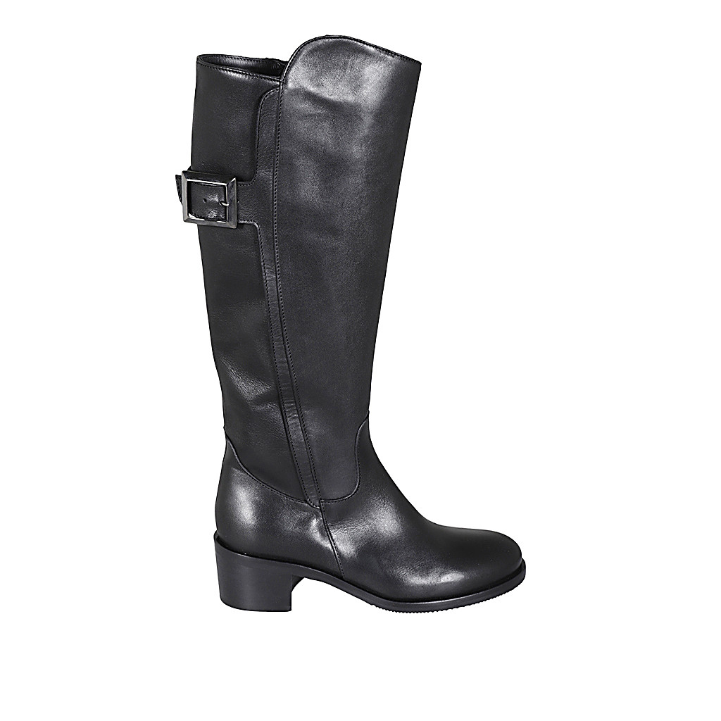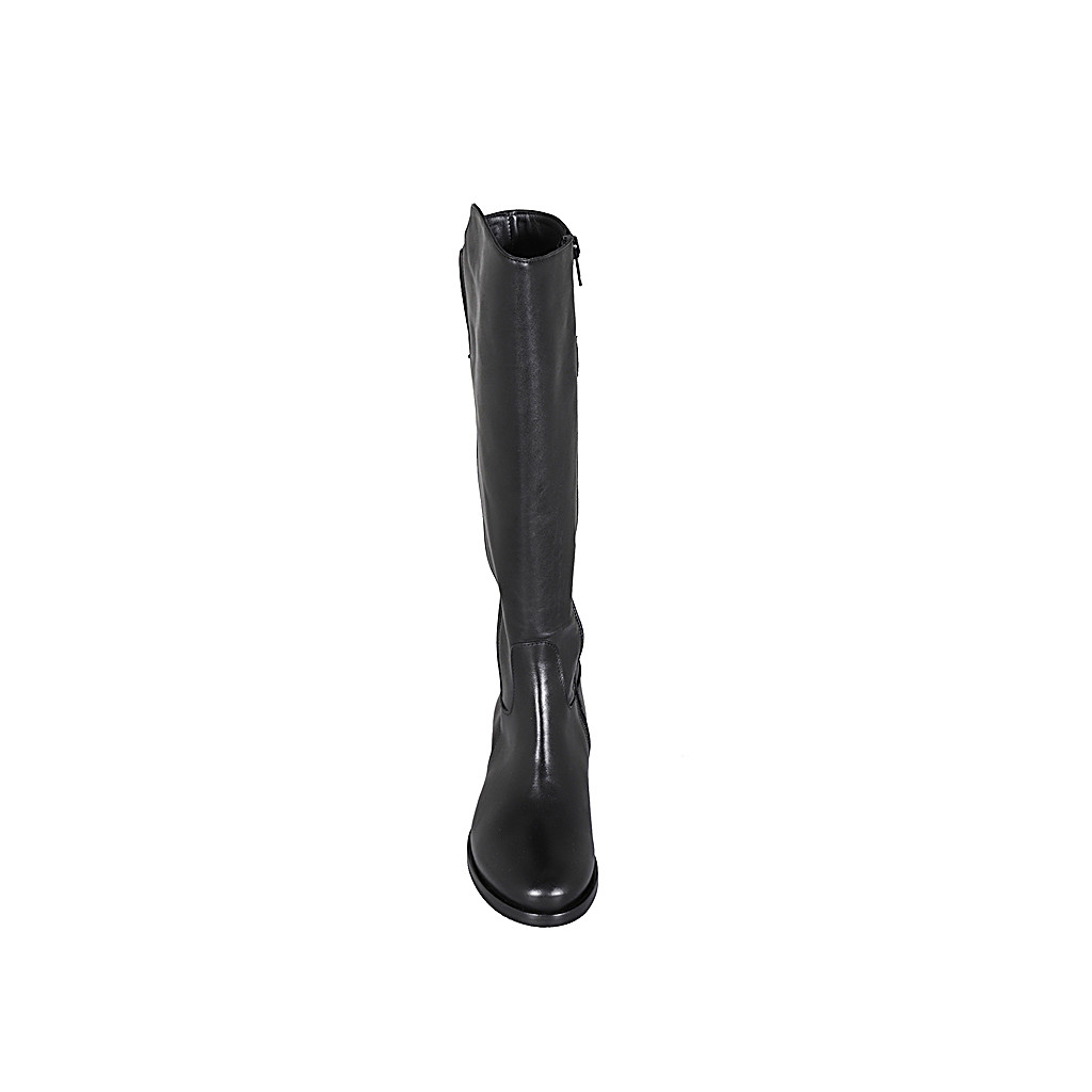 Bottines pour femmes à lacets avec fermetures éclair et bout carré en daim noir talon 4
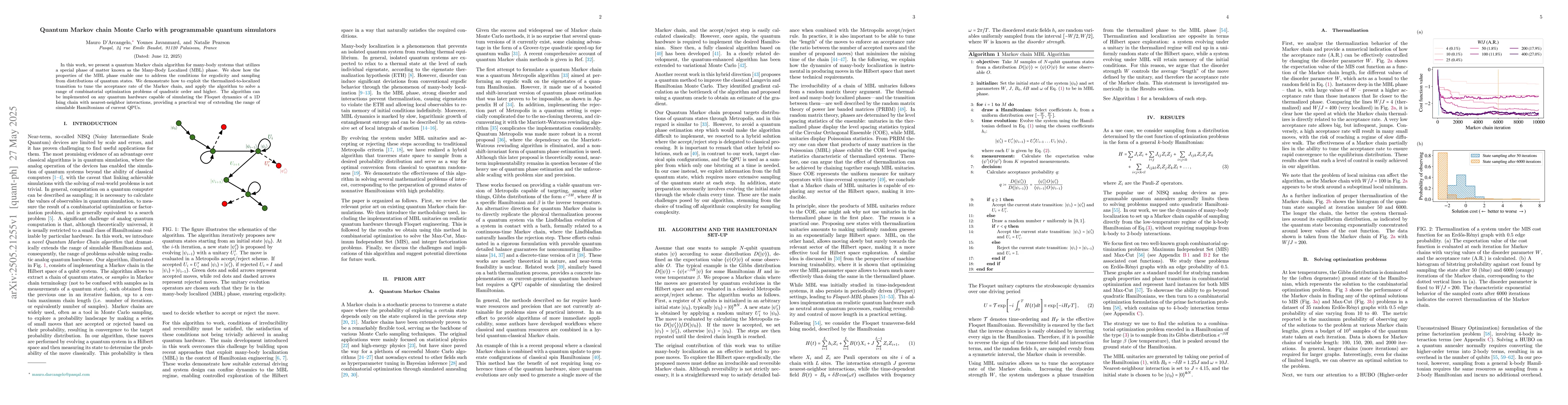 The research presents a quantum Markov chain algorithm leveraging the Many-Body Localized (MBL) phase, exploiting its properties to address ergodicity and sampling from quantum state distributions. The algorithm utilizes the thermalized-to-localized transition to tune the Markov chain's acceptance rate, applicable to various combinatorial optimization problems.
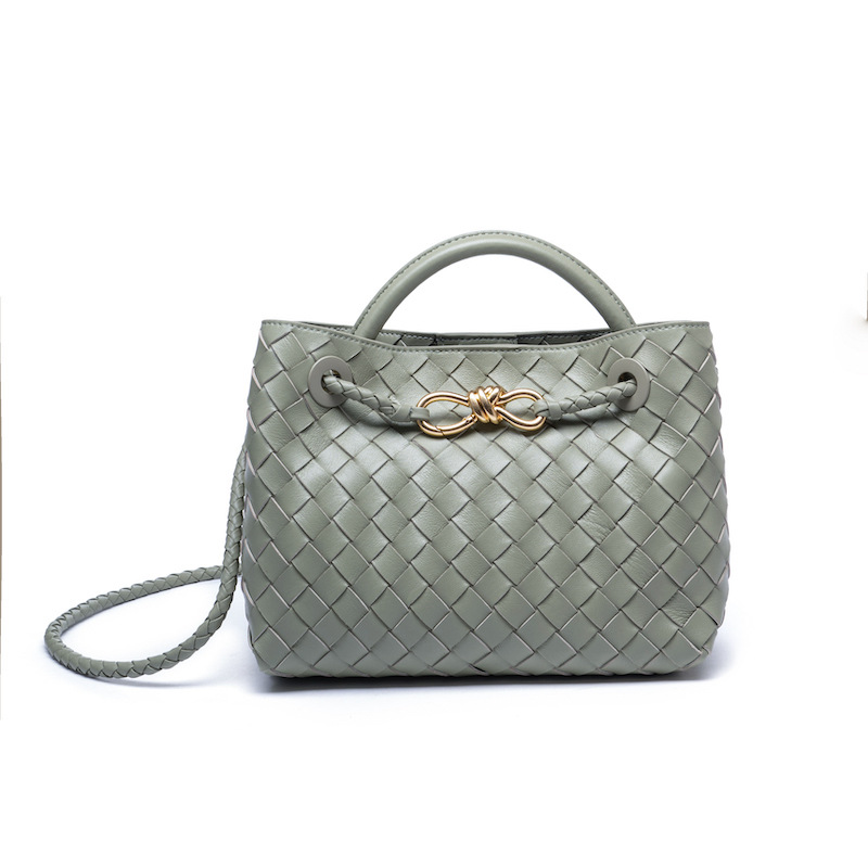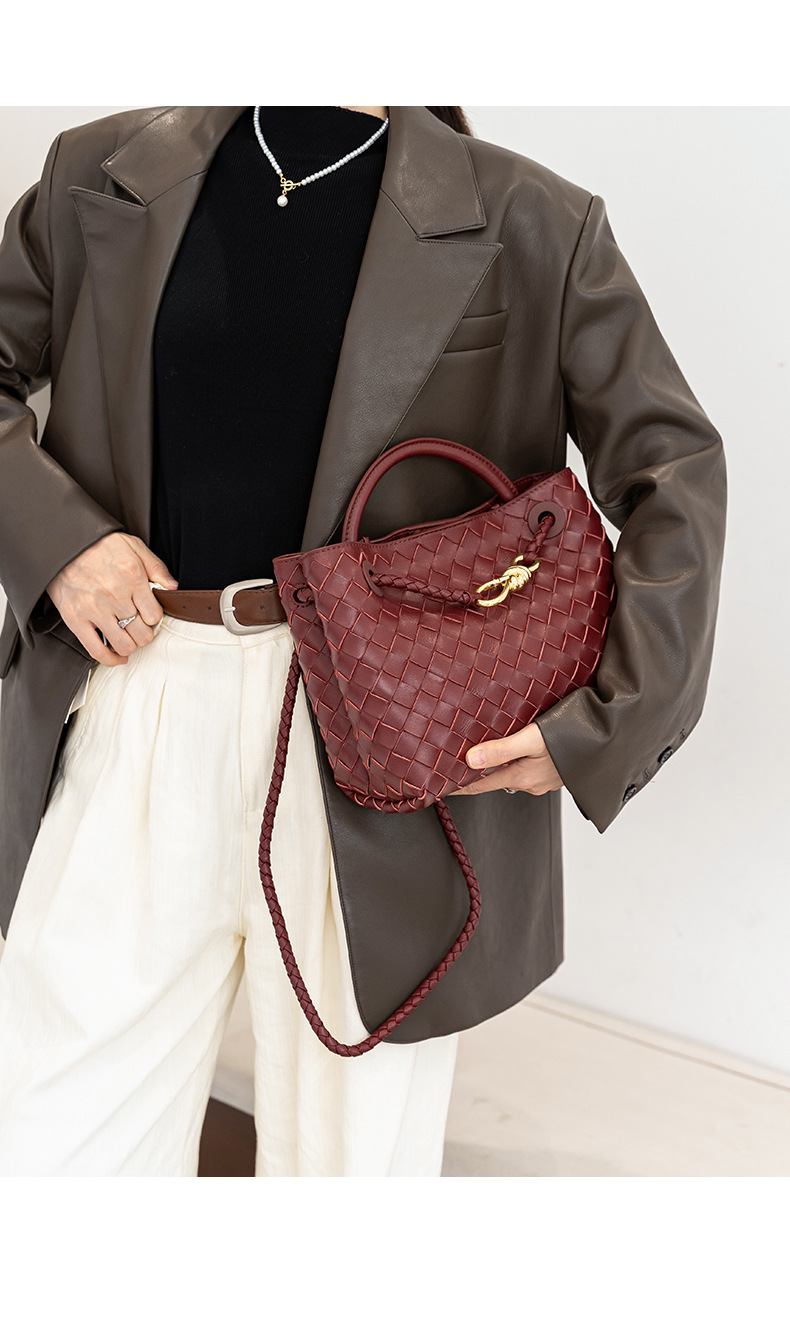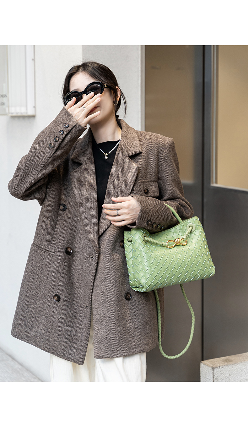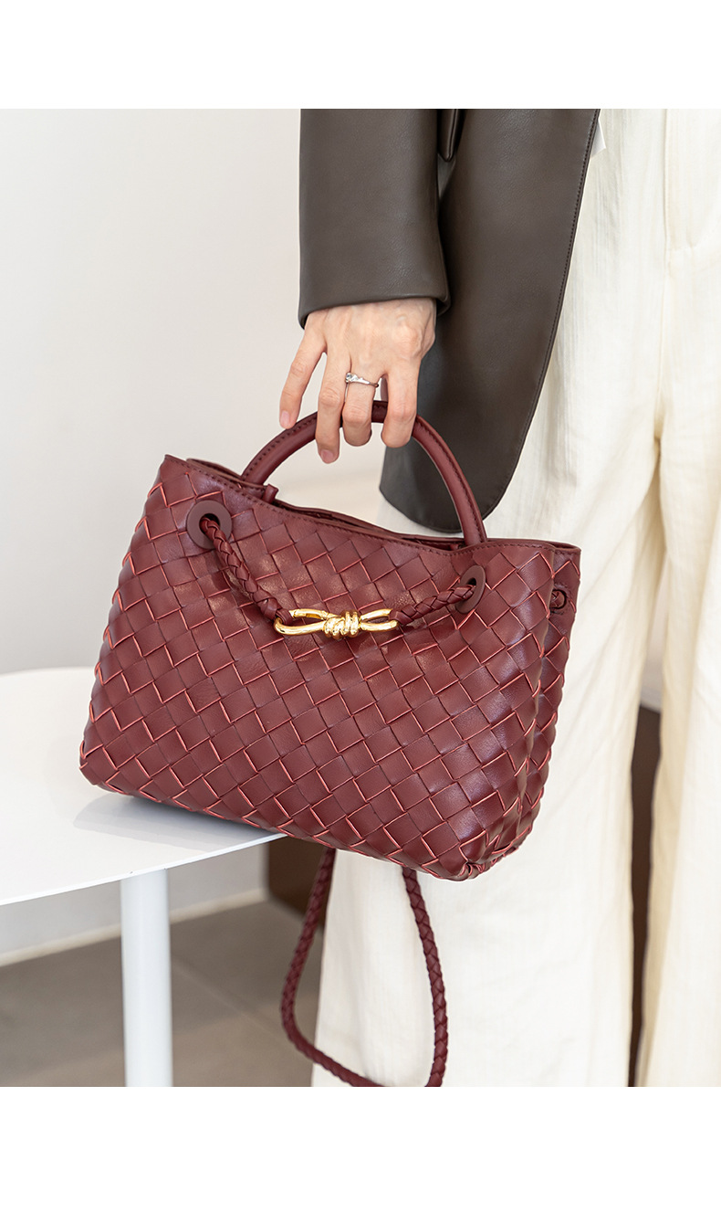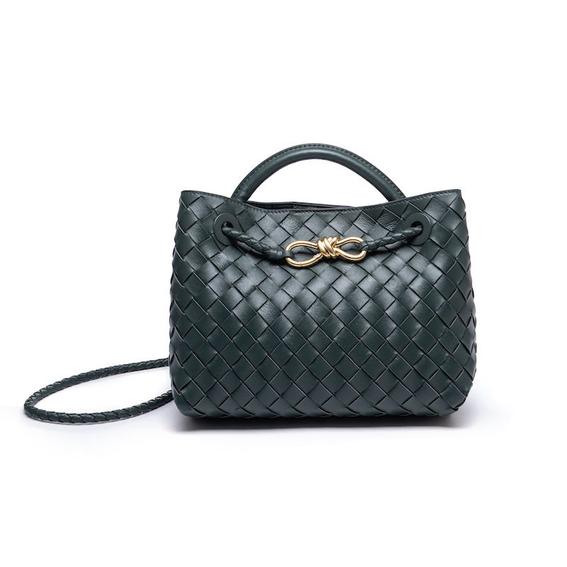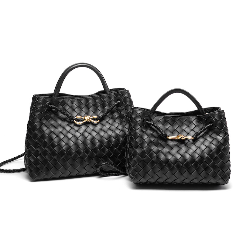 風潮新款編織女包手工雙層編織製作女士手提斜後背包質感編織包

****************

Retype the data word for word, please, and keep the images out.

▶ [Solution to the problem]
 Bottines pour femmes à lacets avec fermetures éclair et bout carré en daim noir talon 4
 The research presents a quantum Markov chain algorithm leveraging the Many-Body Localized (MBL) phase, exploiting its properties to address ergodicity and sampling from quantum state distributions. The algorithm utilizes the thermalized-to-localized transition to tune the Markov chain's acceptance rate, applicable to various combinatorial optimization problems.
 風潮新款編織女包手工雙層編織製作女士手提斜後背包質感編織包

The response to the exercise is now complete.